WHAT YOU ARE ASKED TO DO: Nothing but the lines below from the one that contains "Schola Parafii Świętych" through the one that contains "I have tried" should be retyped, exactly and including both ends. Do not include pictures.

------ RECORDS PROVIDED

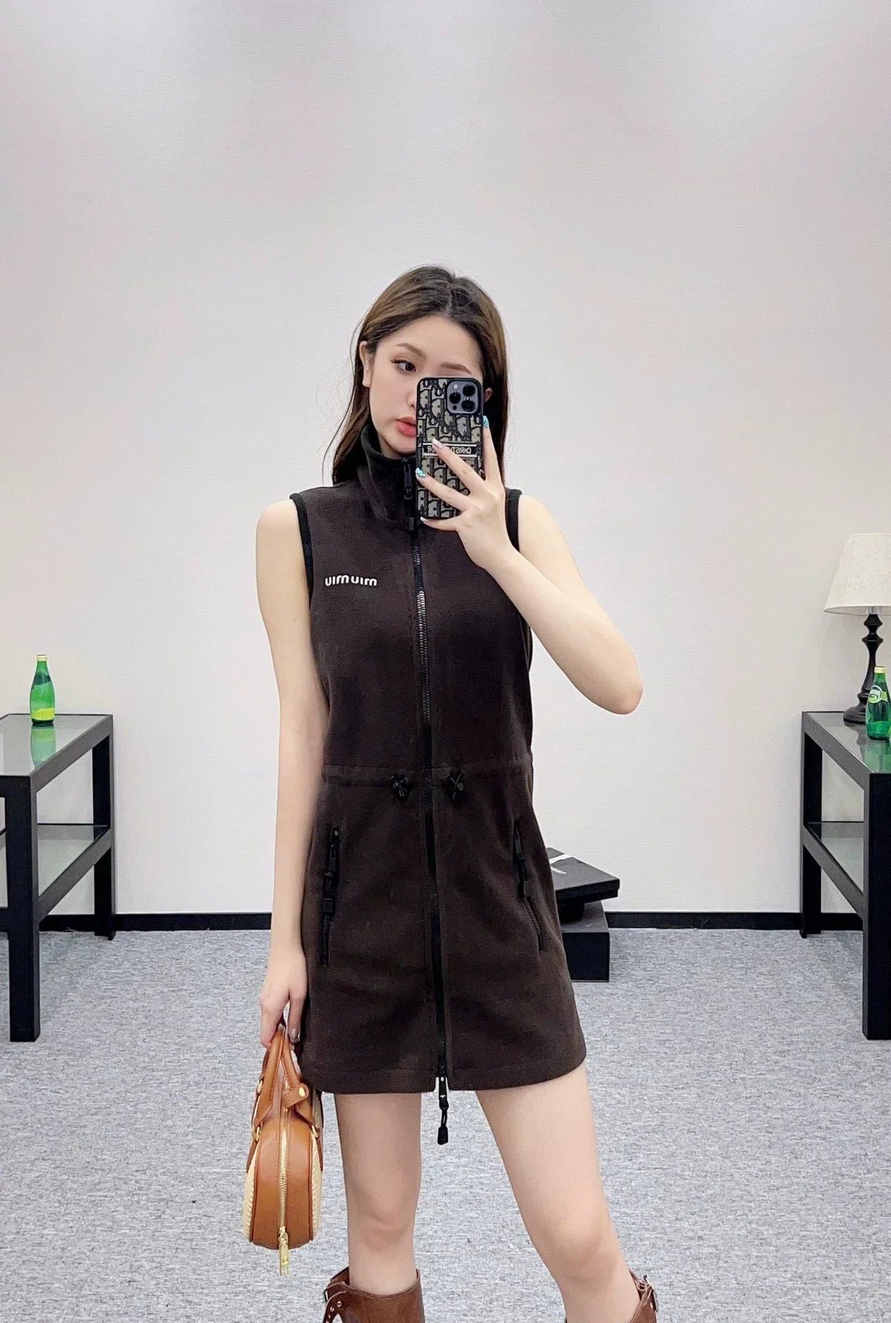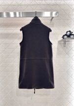 The texture of the fleece material is comfortable, warm, soft, and versatile, making it easy to wear. The sleeveless dress is cut and ready to wear in a plain color. The chest letter logo is decorated with details to enhance delicacy. The front zipper design can be turned over or worn as a high collar, and the elastic slit can be adjusted freely for easy on and off. The micro A straight tube is matched with the waist drawstring and zipper pocket, adding a neat feeling and outlining a graceful figure. The overall workwear is full of casual feeling
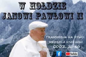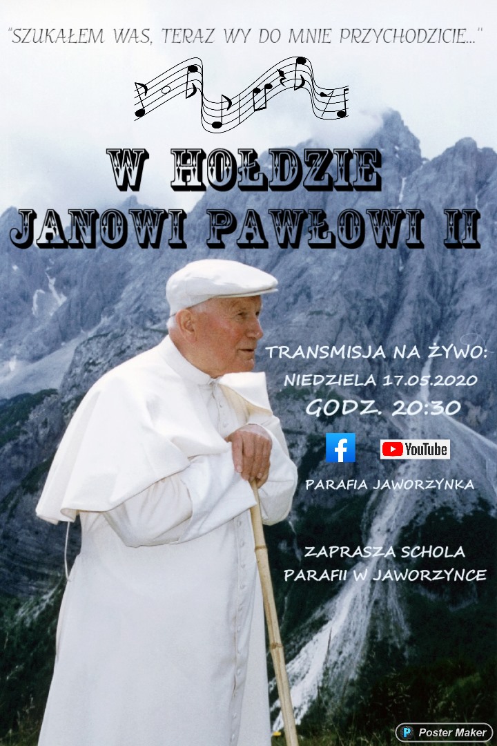 Schola Parafii Świętych Apostołów Piotra i Pawła w Jaworzynce zaprasza do wysłuchania transmisji na żywo koncertu „W hołdzie św. Janowi Pawłowi II” z okazji 100-lecia Jego urodzin. Transmisja on-line na Facebook'u i YouTube. Początek transmisji o godzinie 20.30.
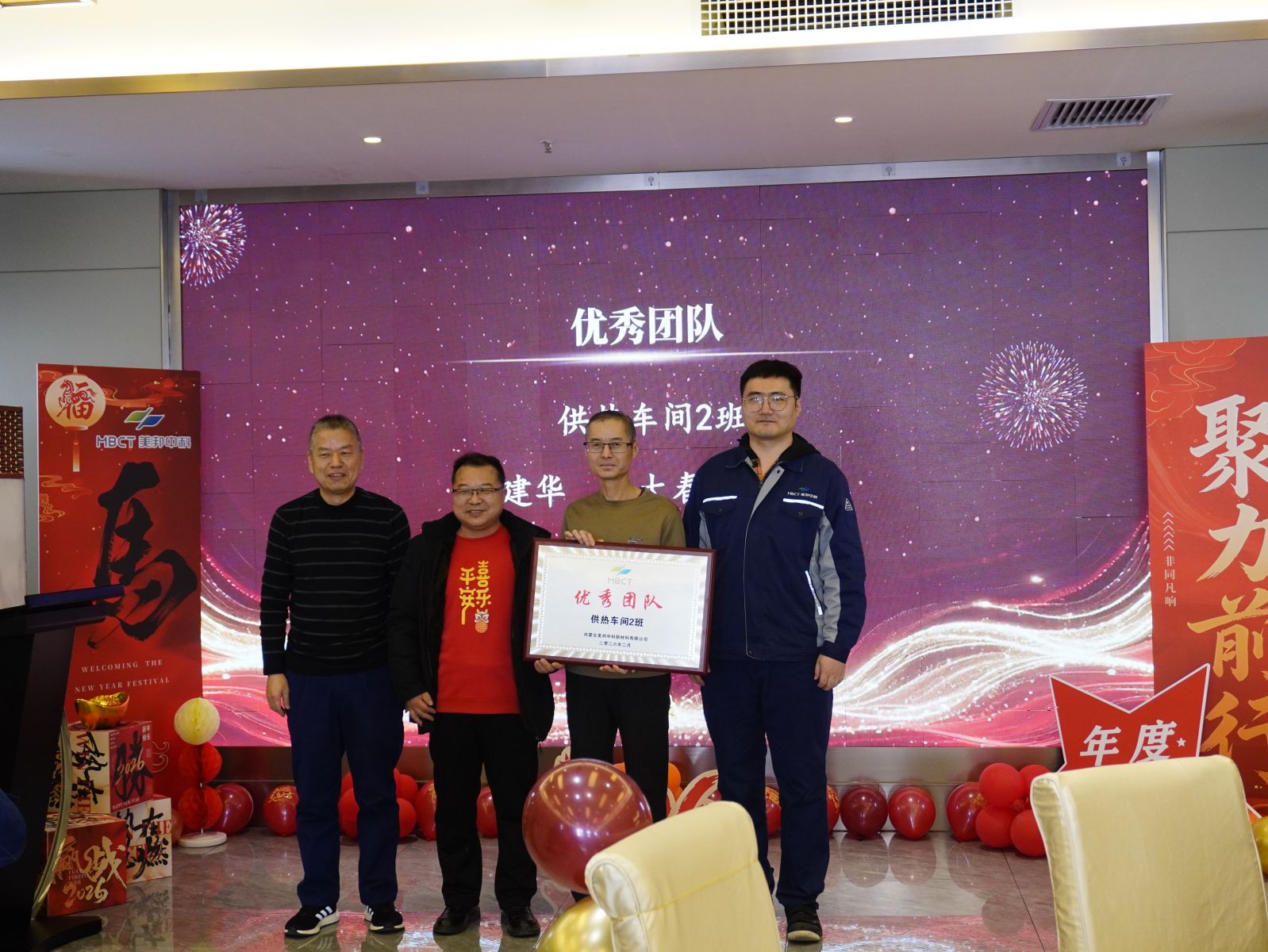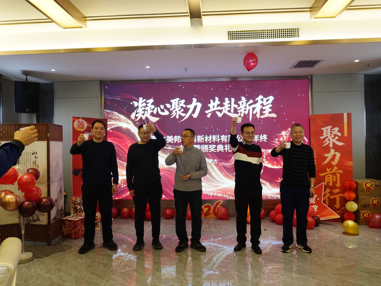 冬日暖阳和煦,岁末嘉会相逢。2月6日上午,内蒙古美邦中科新材料有限公司2025年年会盛典暨表彰大会在热烈祥和的氛围中隆重举行。公司领导班子成员与全体员工欢聚一堂,共忆过往奋斗征程,共话未来发展蓝图,共启新年美好篇章。
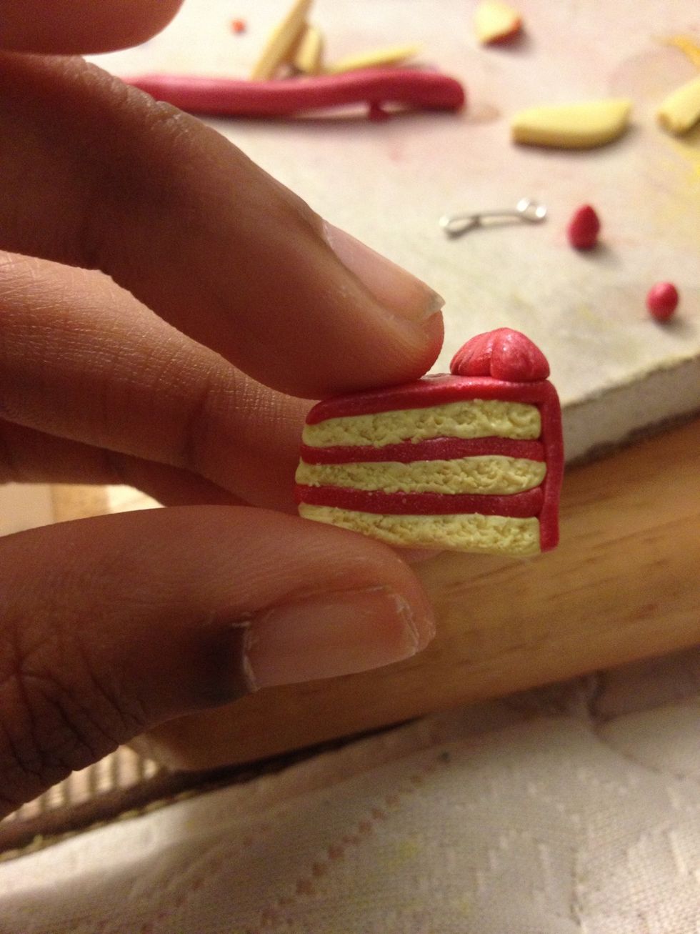 Put the cake slice on top of the icing slice to make sure the icing is the same size as the cake. You'll always need one less slice of icing than cake. So 2 icing triangles with three cake layers.
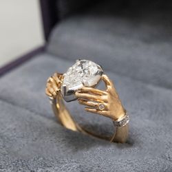Retro craft carving hands embrace zircon ring male and female friends gift closed mouth niche versatile ring hand jewelry$120Greensboro, NC
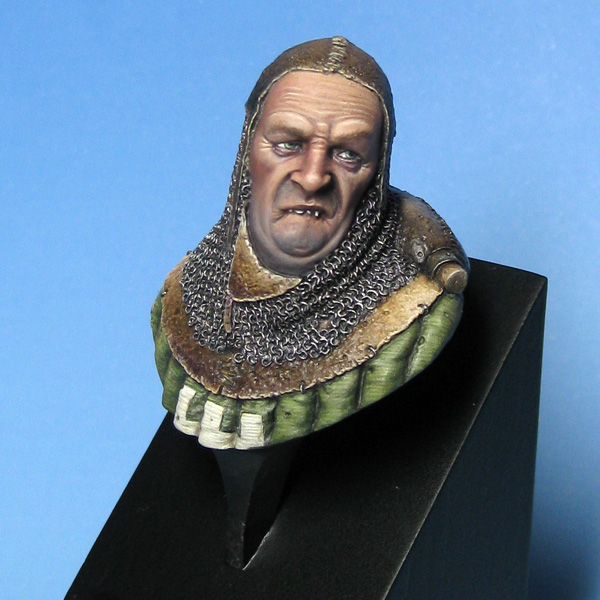 I have tried to paint a number of different textures on the model – the mail, his flesh, the leather and the quilted armour. It was quite a lot of fun to do – there have been some queries about the accuracy of the highlight on the leather bit below his chin, but I like the way it frames his face… so lets call it ‘artistic license’!
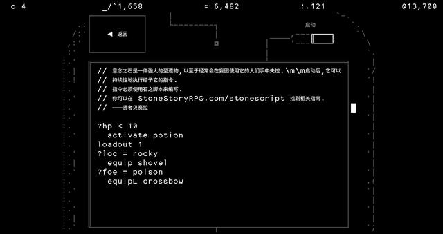 今天我们讲到的游戏《Stone Story RPG》(石头记)便是一款复古且画风清奇的别致游戏。它将ASCII码的字符化作全篇的美术基础,一面艺术,一面情怀。为玩家呈现出了一副简约而不失厚重,纯净却又极其丰富的游戏画卷。
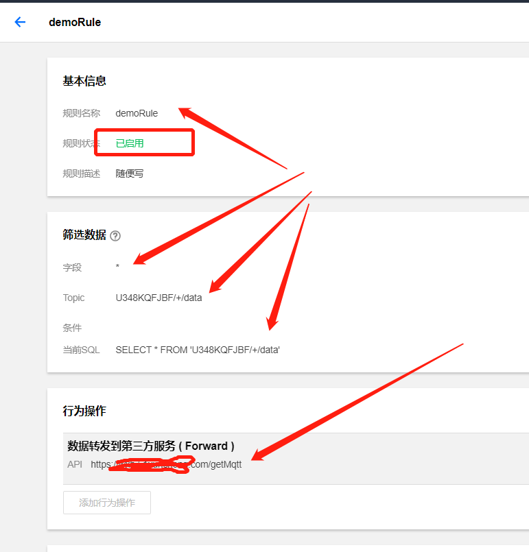 在这里,我们测试将设备发布的mqtt报文信息全部转发
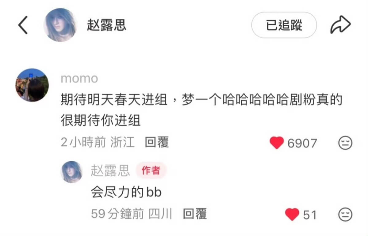 隨後有網友分享,趙露思回應了自己有關「春天進組」的許願,表示自己「會盡力的bb(寶寶)」不過目前這則評論已經被刪除👇
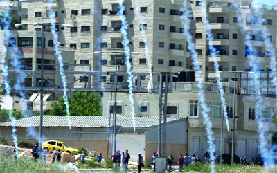 الاحتلال يمطر بغاز الدموع مسيرة فلسطينية لدعم الأسرى خارج سجن عوفر. أ.ف.ب
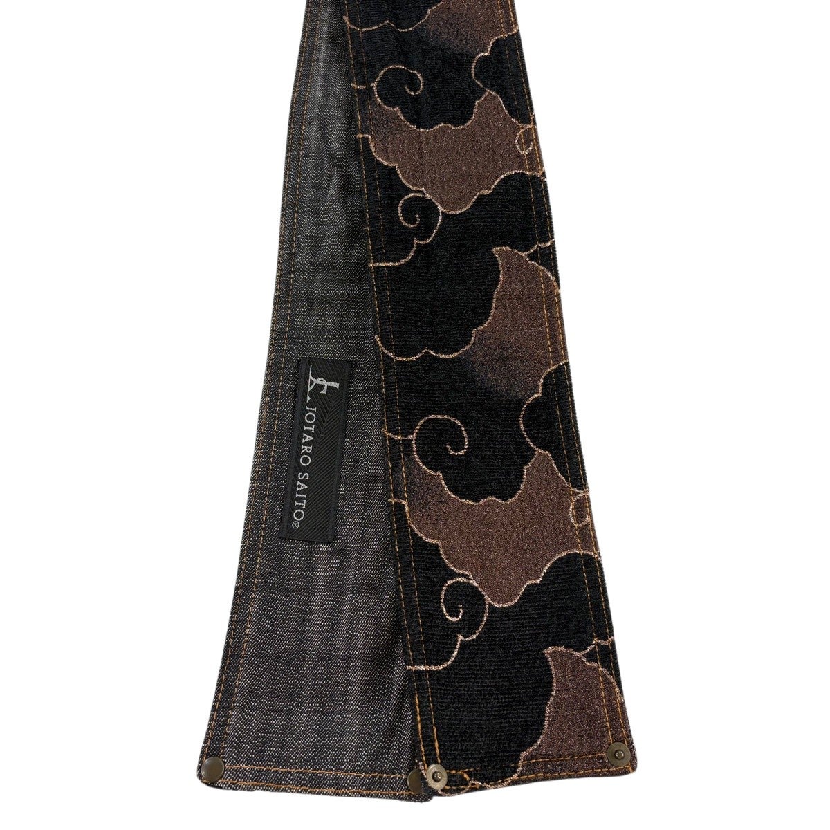 開き名古屋帯 秀品 やまと 風車 金彩 焦茶色 正絹

------------

RESULT OF THIS EXERCISE:
 Schola Parafii Świętych Apostołów Piotra i Pawła w Jaworzynce zaprasza do wysłuchania transmisji na żywo koncertu „W hołdzie św. Janowi Pawłowi II” z okazji 100-lecia Jego urodzin. Transmisja on-line na Facebook'u i YouTube. Początek transmisji o godzinie 20.30.
 冬日暖阳和煦,岁末嘉会相逢。2月6日上午,内蒙古美邦中科新材料有限公司2025年年会盛典暨表彰大会在热烈祥和的氛围中隆重举行。公司领导班子成员与全体员工欢聚一堂,共忆过往奋斗征程,共话未来发展蓝图,共启新年美好篇章。
 Put the cake slice on top of the icing slice to make sure the icing is the same size as the cake. You'll always need one less slice of icing than cake. So 2 icing triangles with three cake layers.
Retro craft carving hands embrace zircon ring male and female friends gift closed mouth niche versatile ring hand jewelry$120Greensboro, NC
 I have tried to paint a number of different textures on the model – the mail, his flesh, the leather and the quilted armour. It was quite a lot of fun to do – there have been some queries about the accuracy of the highlight on the leather bit below his chin, but I like the way it frames his face… so lets call it ‘artistic license’!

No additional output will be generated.